It seems that most of support/s3.py documents the process of creating test buckets - these functions are not imported elsewhere. Usage of some functions had been removed when transitioning s3 downloader to boto3. Judging by git grep, now only get_versioned_url and add_version_to_url are used elsewhere (the former in local/addurls.py, the latter in tests). Functions that aren't usied locally (to generate test buckets) or imported elsewhere are now removed. Generation of test buckets is migrated to boto3, and based on on high-level resources (which are different from low-level clients used in the downloaders code, but more fit for purpose here). In manual testing, I had to rename the buckets (otherwise, I got 403), but after doing so I was able to run all the bucket-generating code under my aws account. The get_versioned_url function is yet to be reworked and isn't functional as of this commit - but because it has a lot of logic, the task is left for a separate commit.

The get_versioned_url function is now updated to boto3. Matching S3 downloader, it now uses boto3 s3 client object for S3 interactions. URL pattern matching is improved to allow (optional) region codes in the urls. Boto3 helps us not having to deal with delete markers - they are also included in the response, but separately from versions.

Boto package is no longer maintained (last release is from July 2018, v.2.49.0) and has been replaced by Boto3. This change of dependencies follows a series of changes to migrate our code from Boto to Boto3. This commit also adjusts external_versions to match.

There are two places where AWS can respond with 403 access denied, causing botocore.exceptions.ClientError: 1. When the S3Authenticator calls head_bucket (note that this would be a false positive for buckets that have public objects but don't allow listing; however it follows the logic of "authenticating to a bucket" that was present in boto2 code). 2. When the S3Downloader calls head_object These ClientErrors are now caught and raised as DataLad's AccessDeniedError. IMHO this leads to less informative error messages, but AccessDeniedError seems to be expected in other places of the codebase. The ClientError message would say, e.g., "An error occurred (403) when calling the HeadObject operation: Forbidden", indicating whether it came from HeadBucket or HeadObject. To preserve the error message, at least in debug output, I am using the original error as the message for AccessDeniedError. What is certain is that raising AccessDeniedError was necessary to make test_deny_access pass when "doesn't matter" (used by the test as a download url) was replaced with an url to an actual S3 bucket or object that returned 403. The test as it is still fails, because boto3 now tries to validate the url format and raises a different error (in any case, not equivalent to access denied), which needs to be addressed in the test itself, with next commit.

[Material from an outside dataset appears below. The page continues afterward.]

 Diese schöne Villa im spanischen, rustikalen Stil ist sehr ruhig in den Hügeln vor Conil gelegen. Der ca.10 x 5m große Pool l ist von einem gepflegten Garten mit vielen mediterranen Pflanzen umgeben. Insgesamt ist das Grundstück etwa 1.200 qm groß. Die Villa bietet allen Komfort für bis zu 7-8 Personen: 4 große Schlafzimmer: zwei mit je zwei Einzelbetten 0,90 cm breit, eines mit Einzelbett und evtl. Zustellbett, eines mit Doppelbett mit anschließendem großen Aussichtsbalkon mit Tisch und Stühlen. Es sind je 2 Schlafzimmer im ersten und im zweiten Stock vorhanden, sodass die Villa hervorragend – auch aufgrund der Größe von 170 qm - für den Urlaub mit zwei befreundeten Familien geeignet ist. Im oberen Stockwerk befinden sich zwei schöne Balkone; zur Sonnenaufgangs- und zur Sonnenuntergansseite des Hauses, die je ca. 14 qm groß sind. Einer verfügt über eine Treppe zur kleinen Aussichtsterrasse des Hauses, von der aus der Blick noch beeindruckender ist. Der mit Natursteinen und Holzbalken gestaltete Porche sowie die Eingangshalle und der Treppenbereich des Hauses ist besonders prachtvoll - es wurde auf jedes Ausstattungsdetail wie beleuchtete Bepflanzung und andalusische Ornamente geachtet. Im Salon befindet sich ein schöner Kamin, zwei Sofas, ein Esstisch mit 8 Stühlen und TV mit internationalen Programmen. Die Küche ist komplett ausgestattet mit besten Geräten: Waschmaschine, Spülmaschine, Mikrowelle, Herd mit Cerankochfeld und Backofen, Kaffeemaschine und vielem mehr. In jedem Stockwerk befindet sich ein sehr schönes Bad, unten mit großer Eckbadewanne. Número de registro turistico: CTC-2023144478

Although test_deny_access patched downloader._download() to raise AccessDeniedError, the patch was never triggered! downloader.download() calls downloader.access(), which first calls downloader.establish_session() and only then, if successful, downloader._download(). However, with url="doesn't matter", in boto2 code it was within downloader.establish_session() that authentication was attempted, a DownloadError was (eventually) produced, and the assertion passed. After updating to boto3, downloader.establish_session(), would raise a different error, "Invalid bucket name". Because _download() was patched and the url was "doesn't matter", it seems to me that the intention of the test was to check error conversion coming from a download attempt, not connection attempt with misformed url. Hence, I'm also patching downloader_establish_session to do nothing and return False (indicating things went well and session is not reused). However, an ideal test should try downloading e.g. a non-public object from a public bucket. I understand that we don't have those in the existing datalad-* test buckets. I made one ad-hoc, used its url, and the test passed with patching removed. However, I don't plan to keep test buckets owned by my account perpetually, so not using those. In summary - for migration to boto3 I tried keeping the test close to what I believe it was, even though it has more to do with BaseDownloader than S3Downloader behaviour. TBF, I'd also be happy to retire this test.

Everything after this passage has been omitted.